Given a list of numbers and a number k, return whether any two numbers from the list add up to k.
For example, given [10, 15, 3, 7] and k of 17, return true since 10 + 7 is 17.
Bonus: Can you do this in one pass?

Notice that it doesn't say that the list contains unique numbers, so you can't assume that and your code needs to handle the case of dupes.
My strategy is the following:

  • Push all the numbers to a hash-table (HT)
  • In the HT each number will have a count corresponding to how many times that number shows up in the list of numbers
  • The code above runs in O(n)-time and O(n)-space
  • Then for each number i, get the difference d=k-i
  • If d is equal to i, make sure that there is at least 2 instances of d in the HT (we're dealing with potential dupes here).
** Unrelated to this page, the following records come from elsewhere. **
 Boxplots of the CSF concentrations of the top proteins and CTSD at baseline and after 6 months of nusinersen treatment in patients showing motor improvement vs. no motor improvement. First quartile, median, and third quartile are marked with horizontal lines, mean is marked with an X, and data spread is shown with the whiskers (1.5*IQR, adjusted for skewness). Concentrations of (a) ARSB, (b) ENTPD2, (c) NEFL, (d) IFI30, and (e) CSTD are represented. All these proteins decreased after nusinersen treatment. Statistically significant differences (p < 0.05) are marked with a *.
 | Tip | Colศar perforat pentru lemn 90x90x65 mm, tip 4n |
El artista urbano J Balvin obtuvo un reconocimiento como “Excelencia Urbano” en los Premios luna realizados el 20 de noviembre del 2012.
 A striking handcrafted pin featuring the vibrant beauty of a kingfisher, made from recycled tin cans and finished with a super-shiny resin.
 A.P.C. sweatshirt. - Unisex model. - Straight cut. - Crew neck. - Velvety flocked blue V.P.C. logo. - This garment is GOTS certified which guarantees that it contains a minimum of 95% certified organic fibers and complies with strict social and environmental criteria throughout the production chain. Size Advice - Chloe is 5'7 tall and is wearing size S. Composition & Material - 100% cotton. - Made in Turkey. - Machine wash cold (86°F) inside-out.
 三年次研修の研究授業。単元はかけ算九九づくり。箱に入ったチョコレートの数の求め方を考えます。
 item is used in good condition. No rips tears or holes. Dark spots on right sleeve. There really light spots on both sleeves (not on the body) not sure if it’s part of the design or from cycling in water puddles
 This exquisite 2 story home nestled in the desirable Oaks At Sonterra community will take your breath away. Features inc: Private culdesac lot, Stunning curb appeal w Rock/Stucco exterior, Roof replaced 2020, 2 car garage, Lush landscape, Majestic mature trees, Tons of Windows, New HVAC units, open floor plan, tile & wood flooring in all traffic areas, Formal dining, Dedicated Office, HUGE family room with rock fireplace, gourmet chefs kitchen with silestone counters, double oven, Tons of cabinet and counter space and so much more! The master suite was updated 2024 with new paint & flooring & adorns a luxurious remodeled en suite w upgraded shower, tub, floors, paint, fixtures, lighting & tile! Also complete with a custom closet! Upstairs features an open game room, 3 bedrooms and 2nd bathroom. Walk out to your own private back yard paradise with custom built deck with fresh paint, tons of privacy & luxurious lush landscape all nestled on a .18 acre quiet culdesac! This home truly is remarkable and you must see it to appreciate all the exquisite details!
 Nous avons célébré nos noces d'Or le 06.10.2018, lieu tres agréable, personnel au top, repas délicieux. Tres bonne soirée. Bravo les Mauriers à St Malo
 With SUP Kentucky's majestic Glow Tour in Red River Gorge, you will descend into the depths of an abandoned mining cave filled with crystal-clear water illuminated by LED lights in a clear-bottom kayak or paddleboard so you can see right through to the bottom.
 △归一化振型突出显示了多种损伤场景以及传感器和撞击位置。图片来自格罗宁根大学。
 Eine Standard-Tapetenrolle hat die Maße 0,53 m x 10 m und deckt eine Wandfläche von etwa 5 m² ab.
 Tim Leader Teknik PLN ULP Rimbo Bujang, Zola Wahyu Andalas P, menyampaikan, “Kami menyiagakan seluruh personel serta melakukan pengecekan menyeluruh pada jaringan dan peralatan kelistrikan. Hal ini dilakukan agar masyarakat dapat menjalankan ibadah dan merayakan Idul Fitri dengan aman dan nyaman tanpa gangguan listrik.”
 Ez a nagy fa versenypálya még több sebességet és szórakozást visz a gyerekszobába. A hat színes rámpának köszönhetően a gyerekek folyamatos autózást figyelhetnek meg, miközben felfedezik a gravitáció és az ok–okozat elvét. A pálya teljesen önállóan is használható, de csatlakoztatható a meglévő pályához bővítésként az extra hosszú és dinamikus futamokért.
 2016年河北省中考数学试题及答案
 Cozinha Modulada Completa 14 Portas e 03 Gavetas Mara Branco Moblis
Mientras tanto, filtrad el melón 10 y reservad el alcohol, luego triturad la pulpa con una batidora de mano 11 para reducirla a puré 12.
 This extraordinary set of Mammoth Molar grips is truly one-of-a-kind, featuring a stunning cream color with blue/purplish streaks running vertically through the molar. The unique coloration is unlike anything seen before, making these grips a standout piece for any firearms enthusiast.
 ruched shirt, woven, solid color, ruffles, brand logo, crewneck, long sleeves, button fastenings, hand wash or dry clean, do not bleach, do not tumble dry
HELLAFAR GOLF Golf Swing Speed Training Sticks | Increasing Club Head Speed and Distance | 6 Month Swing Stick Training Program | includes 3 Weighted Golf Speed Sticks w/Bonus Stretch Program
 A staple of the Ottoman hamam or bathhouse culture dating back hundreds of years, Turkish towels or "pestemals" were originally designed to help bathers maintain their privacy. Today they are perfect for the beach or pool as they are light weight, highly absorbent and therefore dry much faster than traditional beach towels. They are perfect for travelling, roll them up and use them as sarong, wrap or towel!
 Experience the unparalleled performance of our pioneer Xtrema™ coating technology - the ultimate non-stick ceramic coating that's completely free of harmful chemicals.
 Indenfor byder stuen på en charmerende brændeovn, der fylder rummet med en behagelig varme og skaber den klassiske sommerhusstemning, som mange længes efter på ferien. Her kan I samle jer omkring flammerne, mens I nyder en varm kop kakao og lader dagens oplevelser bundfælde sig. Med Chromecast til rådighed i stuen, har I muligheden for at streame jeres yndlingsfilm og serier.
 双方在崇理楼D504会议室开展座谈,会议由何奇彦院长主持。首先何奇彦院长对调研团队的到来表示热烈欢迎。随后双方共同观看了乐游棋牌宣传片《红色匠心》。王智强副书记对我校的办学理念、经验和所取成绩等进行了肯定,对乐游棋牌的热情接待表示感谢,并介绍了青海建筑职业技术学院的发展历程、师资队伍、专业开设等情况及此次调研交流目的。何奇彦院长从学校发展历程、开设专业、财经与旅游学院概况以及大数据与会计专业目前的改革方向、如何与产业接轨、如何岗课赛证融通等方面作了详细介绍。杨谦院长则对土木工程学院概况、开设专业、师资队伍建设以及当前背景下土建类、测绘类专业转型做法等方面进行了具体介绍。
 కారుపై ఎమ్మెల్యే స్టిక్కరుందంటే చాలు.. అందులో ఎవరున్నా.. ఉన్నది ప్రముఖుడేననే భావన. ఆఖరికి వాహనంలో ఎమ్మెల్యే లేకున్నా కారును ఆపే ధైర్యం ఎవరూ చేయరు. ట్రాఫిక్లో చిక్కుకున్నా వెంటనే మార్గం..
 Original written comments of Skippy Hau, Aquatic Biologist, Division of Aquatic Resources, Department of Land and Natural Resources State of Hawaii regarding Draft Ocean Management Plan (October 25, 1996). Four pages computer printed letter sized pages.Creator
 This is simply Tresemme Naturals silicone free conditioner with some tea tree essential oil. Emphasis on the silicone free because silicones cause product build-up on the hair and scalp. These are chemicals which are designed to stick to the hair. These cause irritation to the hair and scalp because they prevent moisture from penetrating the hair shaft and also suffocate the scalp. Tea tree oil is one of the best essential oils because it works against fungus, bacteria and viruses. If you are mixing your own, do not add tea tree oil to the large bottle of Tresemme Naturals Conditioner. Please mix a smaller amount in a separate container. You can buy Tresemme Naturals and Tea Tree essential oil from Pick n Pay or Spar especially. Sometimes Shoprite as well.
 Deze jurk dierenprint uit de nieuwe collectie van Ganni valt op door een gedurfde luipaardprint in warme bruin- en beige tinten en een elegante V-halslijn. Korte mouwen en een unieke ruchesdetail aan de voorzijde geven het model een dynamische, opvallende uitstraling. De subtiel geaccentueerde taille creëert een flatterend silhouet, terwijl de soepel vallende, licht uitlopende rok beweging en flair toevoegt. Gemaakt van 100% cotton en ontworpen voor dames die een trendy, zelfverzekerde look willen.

If so, return true
  • Otherwise, check whether d is in the HT. If so, return true
  • The code above runs in O(n)-time
  • At this point, all choices have been exhausted, hence return false
Code is below, cheers, Marcelo.

 static bool TwoSums(int[] arr, int k)
{
Hashtable ht = new Hashtable();

for (int i = 0; i < arr.Length; i++)
{
if (!ht.ContainsKey(arr[i])) ht.Add(arr[i], 1);
else ht[arr[i]] = (int)ht[arr[i]] + 1;
}

for (int i = 0; i < arr.Length; i++)
{
int d = k - arr[i];
if ((d == arr[i] && (int)ht[arr[i]] > 1) || (d != arr[i] && ht.ContainsKey(d))) return true;
}

return false;
}

Comments

  1. Interestingly a single pass solution is actually easier and more intuitive - do the hashtable check during your first pass before you put the number into hashtable (and in fact hashtable is not needed, hashset would do since we only care about presence now because duplicates are now taken care of).

    ReplyDelete

Post a Comment

Popular posts from this blog

Advent of Code - Day 6, 2024: BFS and FSM

Advent of Code - Day 7, 2024: Backtracking and Eval

Golang vs. C#: performance characteristics (simple case study)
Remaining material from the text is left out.